◆ **Problem details**: Restate the full listing word for word; images stay out of it.

◆ **The data**:

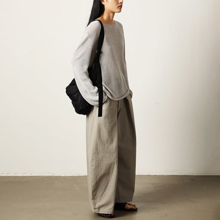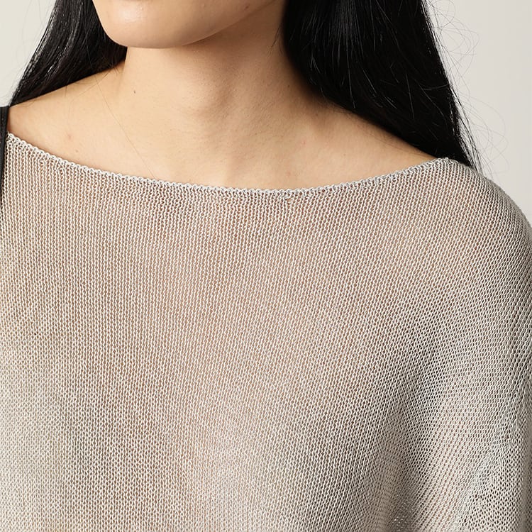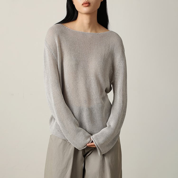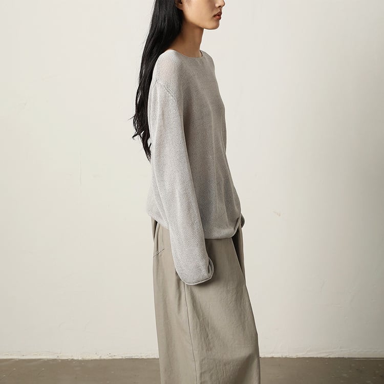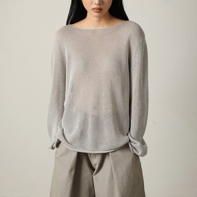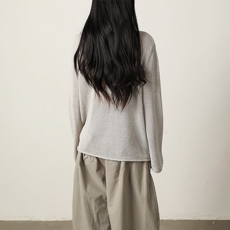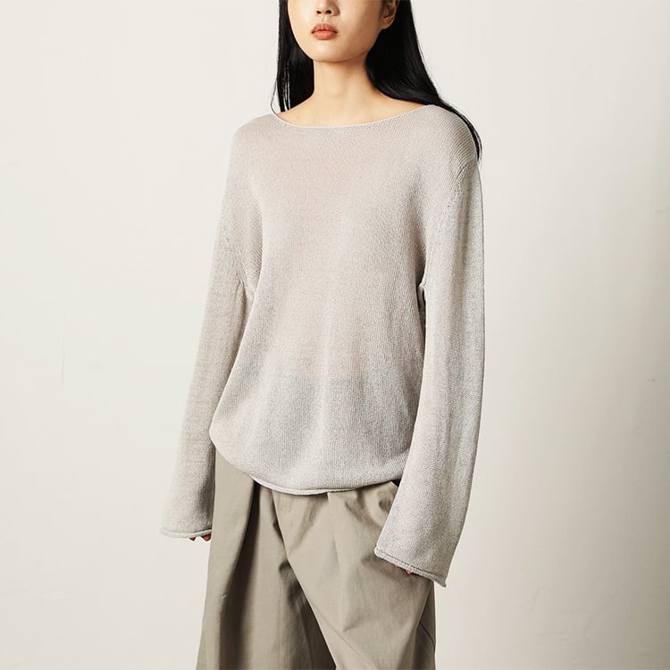柔らかな肌触りと軽やかさが魅力の薄手ニットトップス。裾と袖口はロールエッジデザインに、程よく開いたネックラインがが首元を美しく見せ、女性らしい雰囲気に。薄手なのでインナーとのレイヤードも楽しめ、気取らない大人のカジュアルスタイルにぴったりな一枚です。
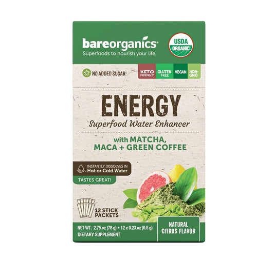 Organic On-The-Go Energy Drink Mix Packets - Set of 12 Superfood Water Enhancers by BareOrganics
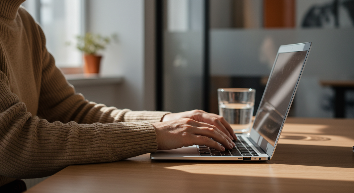 A person in a beige sweater works on a laptop at a wooden desk, with a glass of water and a potted plant in a bright, cozy setting.

◆ **Expected answer**:
柔らかな肌触りと軽やかさが魅力の薄手ニットトップス。裾と袖口はロールエッジデザインに、程よく開いたネックラインがが首元を美しく見せ、女性らしい雰囲気に。薄手なのでインナーとのレイヤードも楽しめ、気取らない大人のカジュアルスタイルにぴったりな一枚です。
 Organic On-The-Go Energy Drink Mix Packets - Set of 12 Superfood Water Enhancers by BareOrganics
 A person in a beige sweater works on a laptop at a wooden desk, with a glass of water and a potted plant in a bright, cozy setting.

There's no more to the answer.